158610.fb2 The Mongol Objective - читать онлайн бесплатно полную версию книги . Страница 45

The Mongol Objective - читать онлайн бесплатно полную версию книги . Страница 45

22

“So now we’re trapped,” Alexander said, looking about the room. In the dark, Montross had managed to find a flashlight on Marco’s right side, clipped to his utility belt. It was small, but more than sufficient to probe the room’s meager dimensions.

“No,” said Caleb, taking the light from Montross and aiming it into the far left corner. “I saw something in my last vision. When this room was designed and furnished. The man, almost familiar, in a blue robe, with a staff as he ordered the box sealed. There’s another exit.”

“It can wait,” said Montross.

“What?”

“They’re not getting back in here any time soon. So we have time. Time to open this box, time to get the books inside. Time to talk.” The light hit his face and he squinted, turning away.

“Yes. Let’s talk.”

“Talk about what?” Alexander asked. “How we’re going to get out of here?”

“No,” Caleb replied. “We need to talk about what Montross has seen, and what I saw. Compare our versions. And I need to understand how much is fact, and what’s merely imagination playing with myth.”

“Can’t it all be fact?” Montross asked.

Caleb held his head, then massaged his temples. “I don’t know if I can believe what I’ve seen. It’s too much to contemplate.”
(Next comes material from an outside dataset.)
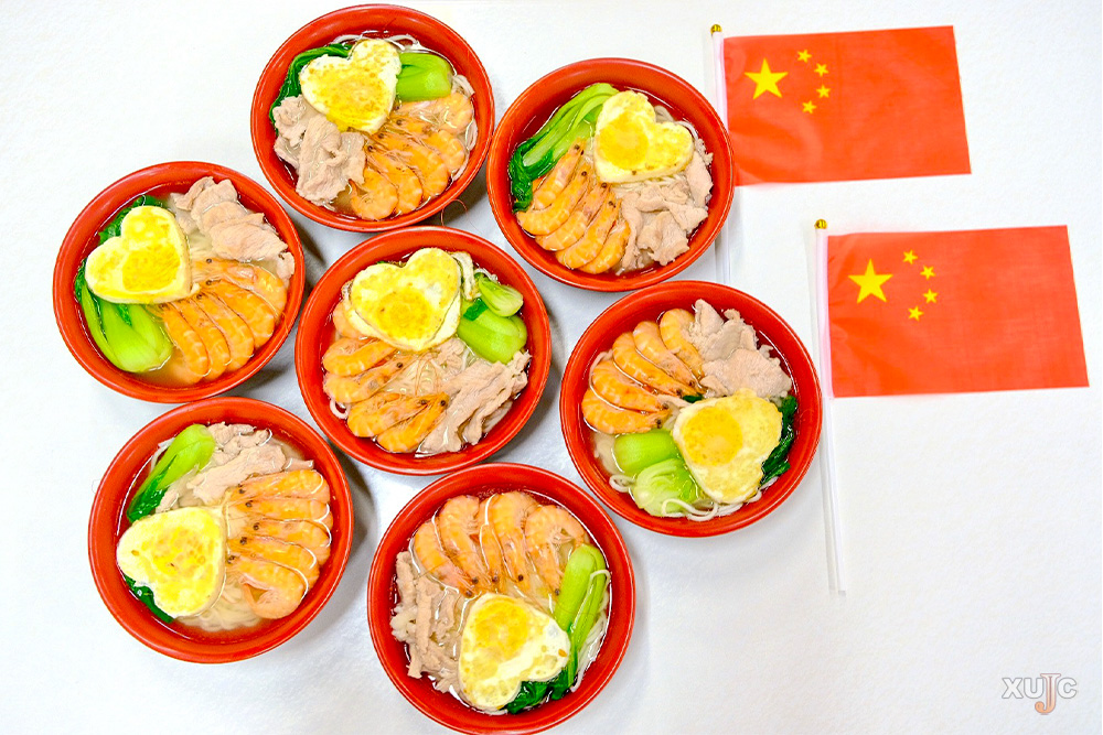 国庆逢中秋,家国共团圆。明天将迎美好的双节假期,您打算怎么过?今天,我校食堂同步推出“一碗国庆面 无限爱国情”活动,热乎乎的现煮汤面,压上5条红红火火的鲜虾、3片厚实嫩滑的瘦肉、2根翠绿青菜,最后,一颗爱心煎蛋燃情加入,您的“国庆面”,好了,请君慢用!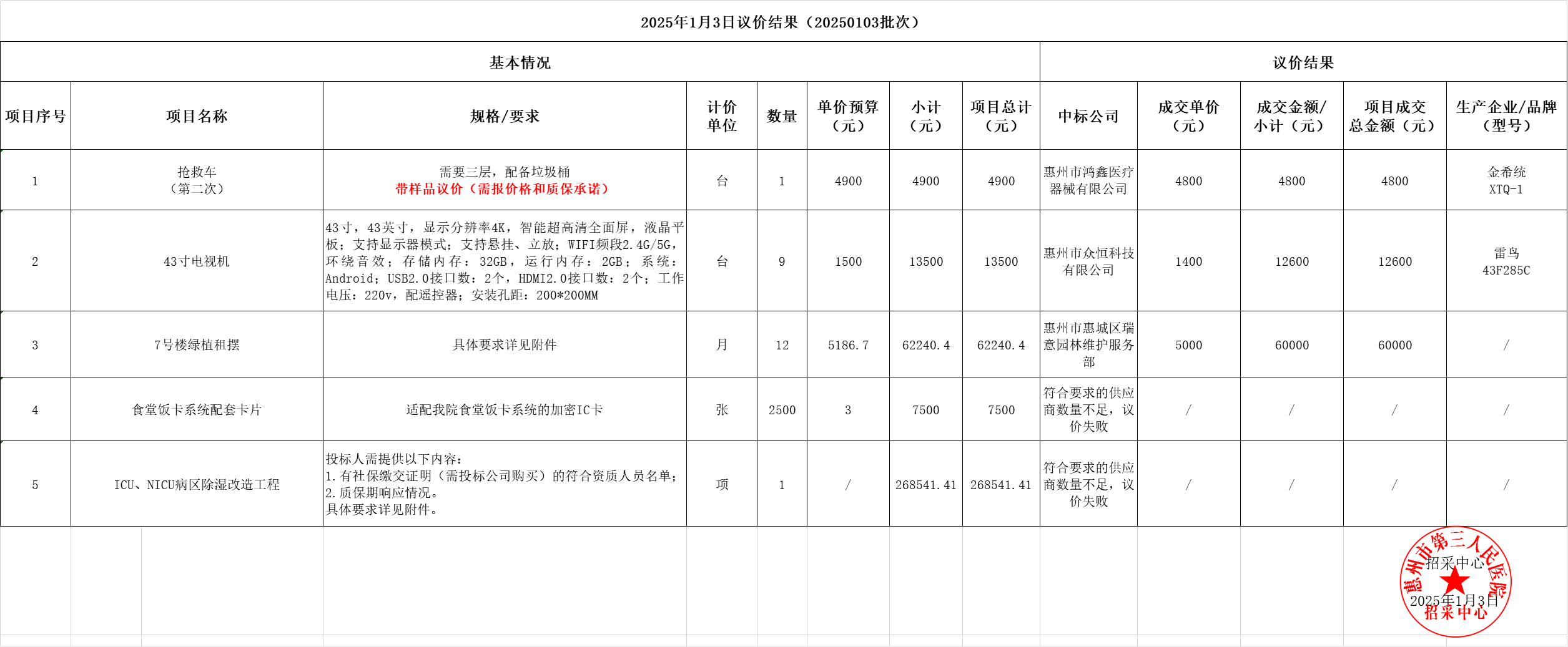 20250103議價(jià)結(jié)果公示

“Well, let’s start with what we know to be true.”

Caleb aimed the light down at their feet. He took slow breaths, not knowing if the air down here was circulating somehow. It tasted stale, but yet still pure as if its isolation through the millennia had protected it from outside contamination. “So here’s what I know. Robert Gregory believed the Emerald Tablet possessed the power of the universe: a concept similar to the Enuma Elish, the Babylonian Epic of Creation. We know he somehow allied himself with the cult of Marduk, whose members seem bent on reacquiring what the god Anu took from Marduk and delivered to Enki, better known as Thoth, for safekeeping, thousands of years ago.”

“But why?” Montross guided him. “What was the supreme honcho worried Marduk might do with it?”

Alexander scratched the back of his head. “Make a mess of the universe?”

“Precisely,” Montross said, smiling as the flashlight beam drew away from his face and settled on the enigmatic iron chest. “You asked about my dreams? What I’ve seen to make me plan that assault on your team, on your home? And cause such regrettable loss.”

“Yeah,” Alexander said, finding himself choking up again. “Why?”

Montross hung his head. He scratched over his shoulder, where the backpack would have been, the one confiscated in the helicopter, the one with his sketchbook.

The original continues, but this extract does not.